Eve Durbant : « La flotte est restée très groupée »
Après près de trente heures de course, Eve Durbant mesure l’intensité de cette première étape.
« Je me sens lessivée parce qu’on a fait une trentaine d’heures de course »
Elle souligne surtout la densité du plateau.
« On a pris un départ pas trop mal. Le niveau est plus élevé que les années précédentes.
La flotte est restée tout de même assez groupée, jusqu’à l’arrivée au Raz Blanchard. Ensuite, le vent est tombé et chacun a pris des décisions différentes.
Les premiers, Paprec by Normandy Inshore Program, ont choisi de passer à l’extérieur des îles anglo-normandes. Ils ont fait la différence et sont passés devant tous les bateaux. De notre côté, c’était une belle bataille tout le long. »
Concernant le résultat, Eve garde une analyse mesurée.
« Sixième, ça laisse toujours une impression de « peut mieux faire ». Mais la concurrence est rude cette année, donc c’est tout à fait honorable. »
Lorenzo Palazzi : « On a joué tout du long »
Pour Lorenzo Palazzi, n°1 cette première étape était avant tout l’occasion de se mettre en jambe pour la suite de la compétition.
« On a eu de belles conditions où on a pu jouer tout du long dans une flotte groupée, avec un vent agréable.
Léo Jean Albert : « La sixième place ne reflète pas vraiment ce qu’on a réellement fait en course »
À la barre, Léo Jean-Albert préfère retenir le contenu de la navigation.
« C’était plutôt sympa.

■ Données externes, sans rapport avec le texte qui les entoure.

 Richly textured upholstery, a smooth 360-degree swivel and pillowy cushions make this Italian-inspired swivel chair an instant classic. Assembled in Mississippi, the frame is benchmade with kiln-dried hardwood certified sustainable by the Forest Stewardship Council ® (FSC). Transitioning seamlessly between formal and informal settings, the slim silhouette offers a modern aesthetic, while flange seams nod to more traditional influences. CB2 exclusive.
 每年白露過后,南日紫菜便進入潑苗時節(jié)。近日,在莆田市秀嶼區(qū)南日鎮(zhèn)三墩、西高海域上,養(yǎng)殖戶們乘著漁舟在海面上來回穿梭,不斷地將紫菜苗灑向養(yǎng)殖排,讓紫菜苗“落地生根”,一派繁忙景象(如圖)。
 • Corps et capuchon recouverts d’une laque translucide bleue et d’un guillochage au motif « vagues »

Les conditions étaient plutôt tranquilles par rapport à ce qu’on peut trouver en Manche. À la barre, c’était assez intéressant »

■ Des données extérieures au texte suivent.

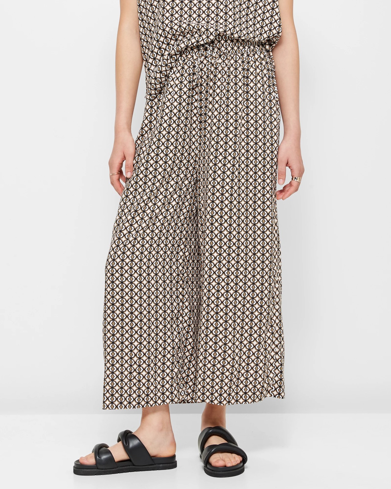 Step out in iconic style with our Pull On Culotte Pants. Crafted from a soft and lightweight viscose fabrication for added comfort, these pants feature a regular fit, with a classic retro geometric print all over. A thick elasticated waistband provides the perfect fit for all-day wear, whilst the wide leg culotte design ensures lasting style. Complete with side seam pockets and an ankle length finish, these pants will take you from day to night in effortless style.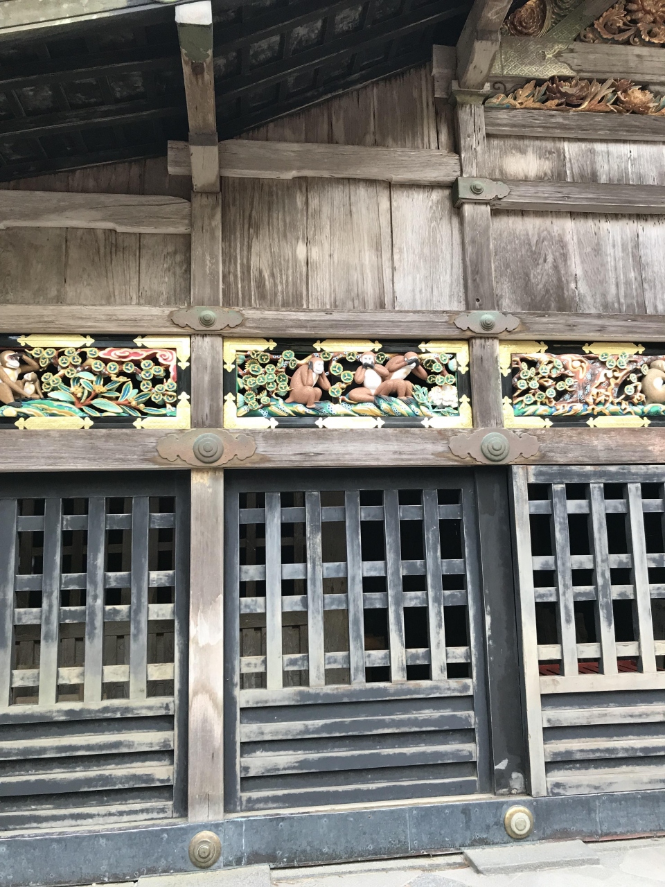 実際に見てしまうと、「ふーん」という感じですが、やはり定番のスポットなので見てしまいます。と言うより、入り口を過ぎて、陽明門に向かう途中にあるので、見過ごすことはありません。人が群がっていました。近くに売店があって、三猿ストラップもありますので、記念にどうぞ。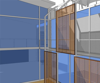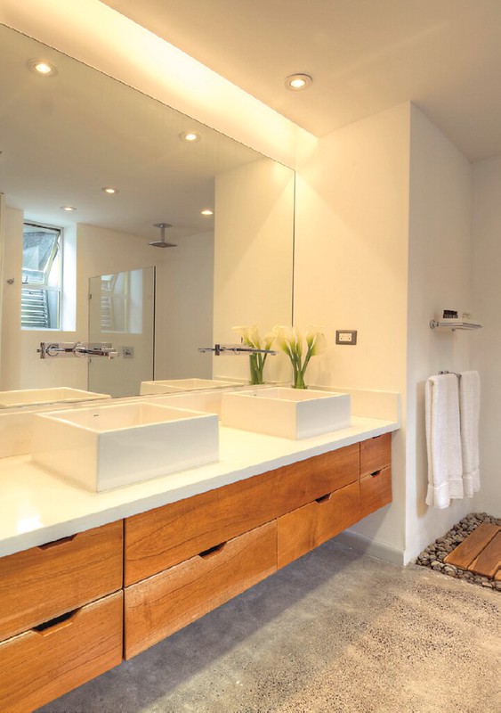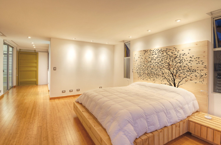 An interesting feature on many of the windows is moveable bamboo panels that help reduce heat gain while allowing some indirect light to get through. Along with the sizable roof overhangs, this helps keep the home relatively cool in the warm summer months without using air conditioning. And, because of the natural lighting, the home doesn’t even need to turn on its LED lights until the nighttime.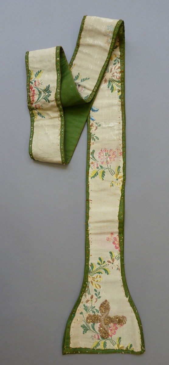 Witte stola met ingeweven bloemranken en kruisjes van goudkant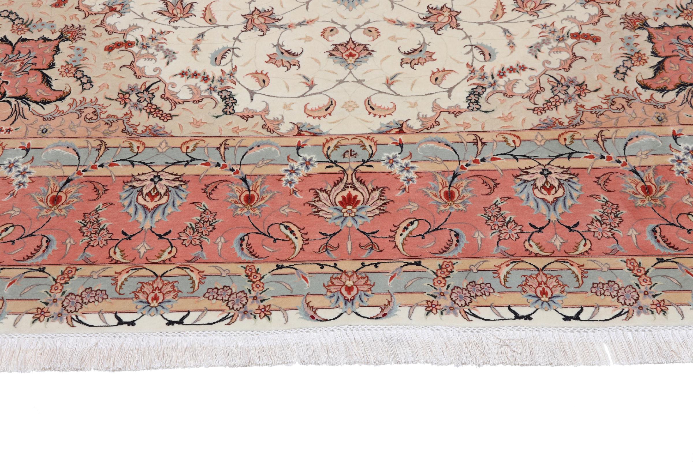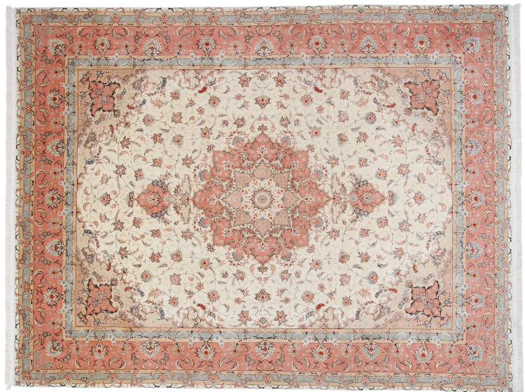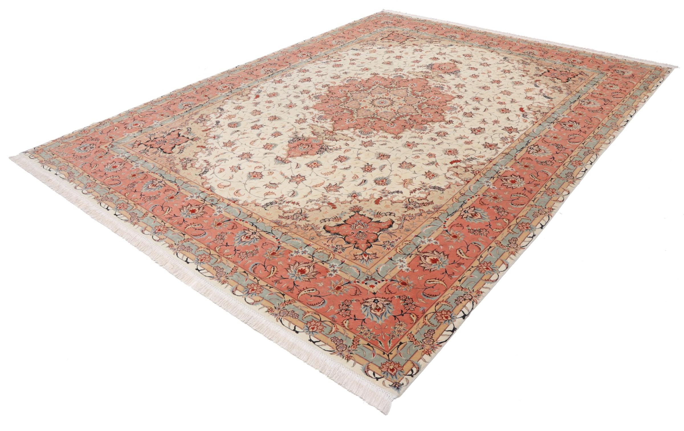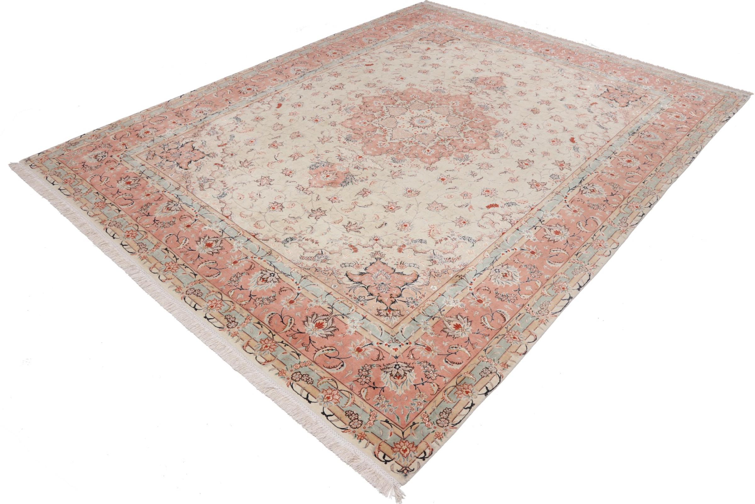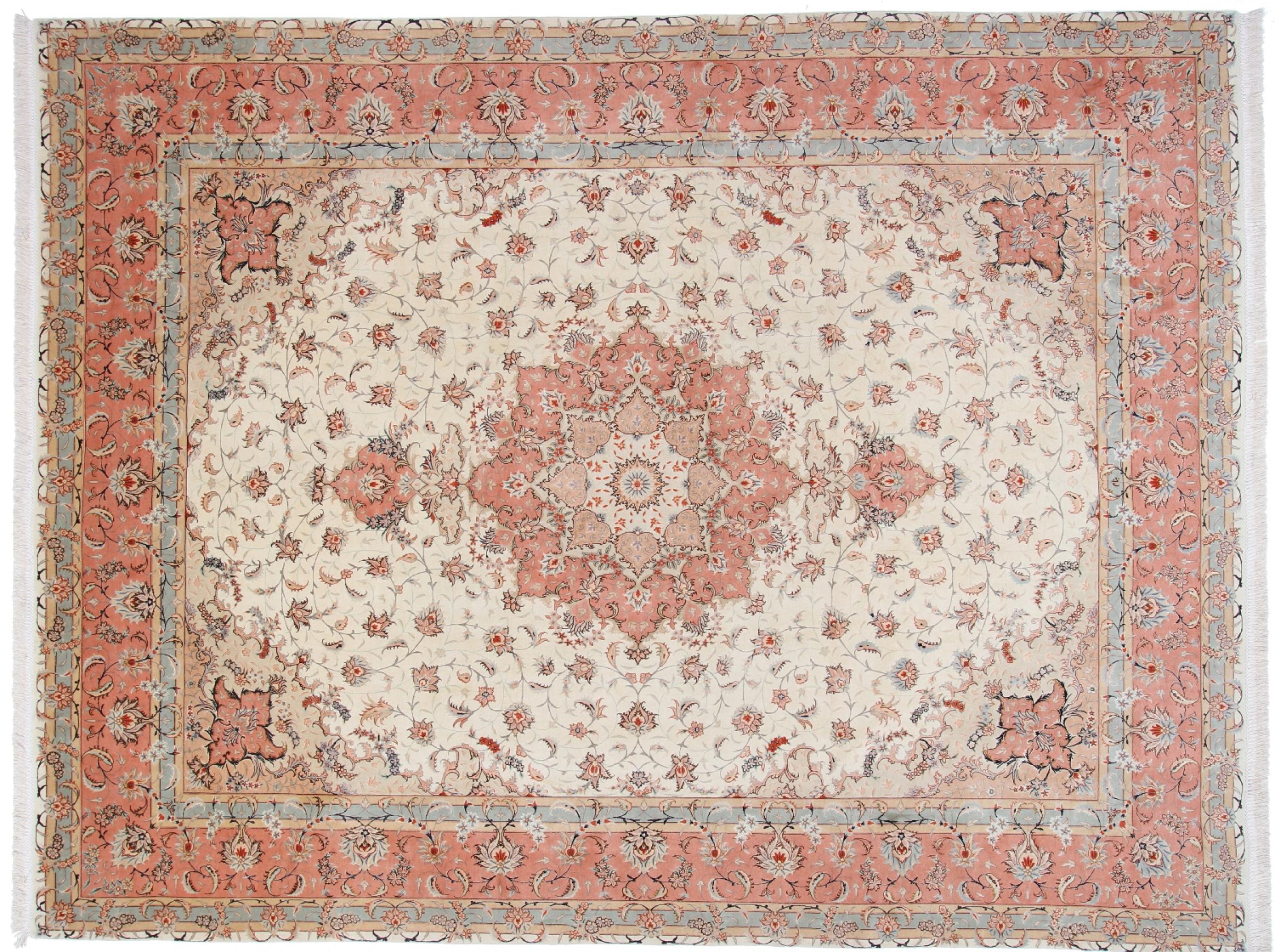 Réf. Article: 41560033159 Taille: 386x296 cm Épaisseur: ap. 7 mm Densité de nouage: 450 000 - 500 000 / m² Fabrication: Noué à la main Velours: Laine avec de la soie Chaîne: Soie Origine: Persie / Iran Âge: Nouveau Poids: ap. 34 kg Également connu sous Tabriz, Tabris, Täbris, Tebriz, Tebris, 40Raj, 50Raj Nombre en stock: Unique - Seulement 1 en stock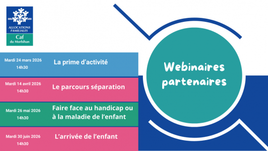 La Caf du Morbihan vous propose d'assister à des Webinaires réservés aux partenaires afin de vous aider dans l’accompagnement des usagers.

Le barreur estime que le classement ne reflète pas totalement la course réalisée.
« La sixième place ne montre pas vraiment ce qu’on a fait. On a plutôt bien navigué. On a eu beaucoup de moments où on avait une bonne vitesse.

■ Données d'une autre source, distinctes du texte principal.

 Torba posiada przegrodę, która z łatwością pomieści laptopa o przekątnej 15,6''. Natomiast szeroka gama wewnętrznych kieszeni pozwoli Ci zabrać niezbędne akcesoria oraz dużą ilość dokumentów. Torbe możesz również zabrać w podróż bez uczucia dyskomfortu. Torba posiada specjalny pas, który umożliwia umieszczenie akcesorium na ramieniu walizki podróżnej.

Il y a eu quelques petits manqués au niveau de la stratégie, on n’était pas forcément aux bons endroits aux bons moments, mais sinon, dans l’ensemble, on fait une navigation plutôt propre pour la Manche.
Le niveau est assez relevé, donc les erreurs coûtent vite cher. Sixième, ça ne fait pas rêver, mais je n’ai pas forcément de ressenti négatif parce qu’on a bien navigué. Il reste des subtilités sur le courant qu’on n’a pas totalement saisies. C’est un point qui peut être retravaillé. »
Si la sixième place leur laisse un goût d’inachevé, les marins réunionnais retiennent de nombreux enseignements de cette première étape offshore.